Тело без органов – модель смерти. Не смерть служит моделью кататонии, а кататоническая шизофрения служит моделью смерти: это нулевая интенсивность тела без органов. Модель смерти возникает, когда тело без органов отталкивает и свергает органы -не нужно рта, языка, зубов, вплоть до членовредительства и самоубийства. в цикле работы машины желания речь идет о постоянном переводе, постоянном превращении модели смерти в нечто совершенно другое, что является опытом смерти. Конверсия идущей изнутри (в теле без органов) смерти в смерть, которая приходит извне (случается на теле без органов). Опыт смерти есть для бессознательного вещь самая обычная именно потому, что она происходит в жизни и ради жизни, в любом переходе и становлении. любая интенсивность ведет в процессе жизни опыт смерти, обволакивая ее.
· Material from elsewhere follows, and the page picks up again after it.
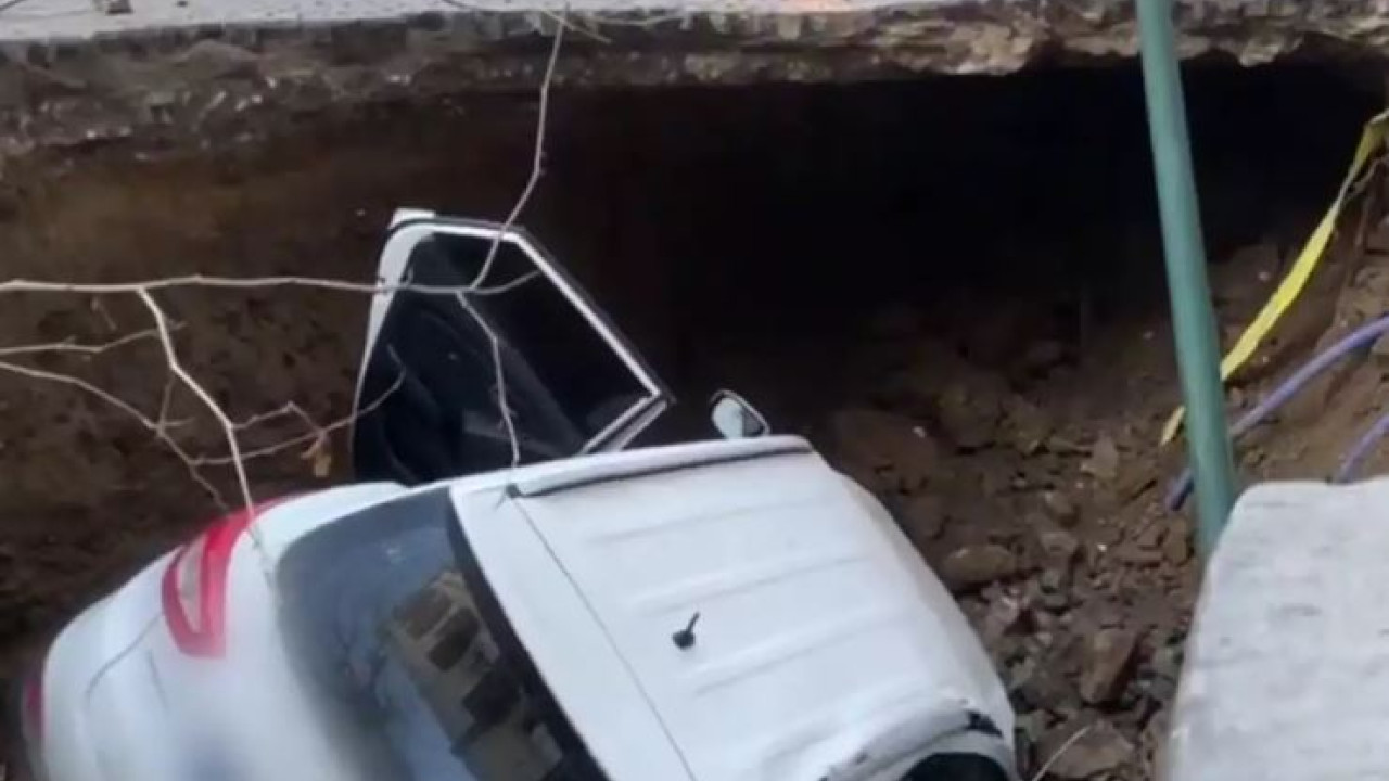Το άλλο όχημα ήταν σταθμευμένο ενώ κάτω από το έδαφος που υποχώρησε κατέληξε και ένα δέντρο.

Два несводимых аспекта смерти, по М.Бланшо, связанные с Я и Оно. Требование шизофренизовать смерть. Против фрейдовского понятия Танатоса и апологии цивилизации как противостоящей ему силы. Мы утверждаем обратное: нет инстинкта смерти, потому что имеется модель смерти и опыт смерти в бессознательном. Смерть в таком случае оказывается частью машины желания, оцениваемой в работе машины и в системе энергетических преобразований, а не как абстрактный принцип. Дуализм Фрейда, требовавший качественной оппозиции импульсов, порождает императив: Ты не разрешишь конфликт (сексуальные импульсы и импульсы Я, потом Эрос и Танатос непримиримы). Цель здесь одна: элиминировать машинный элемент желания, машины желания, убрать либидо как постоянную возможность энергетических конверсии, как машиннообразное устройство. Отсюда ложная идея энергетической двойственности, подчиненной «нейтральной» энергии Эдипова комплекса.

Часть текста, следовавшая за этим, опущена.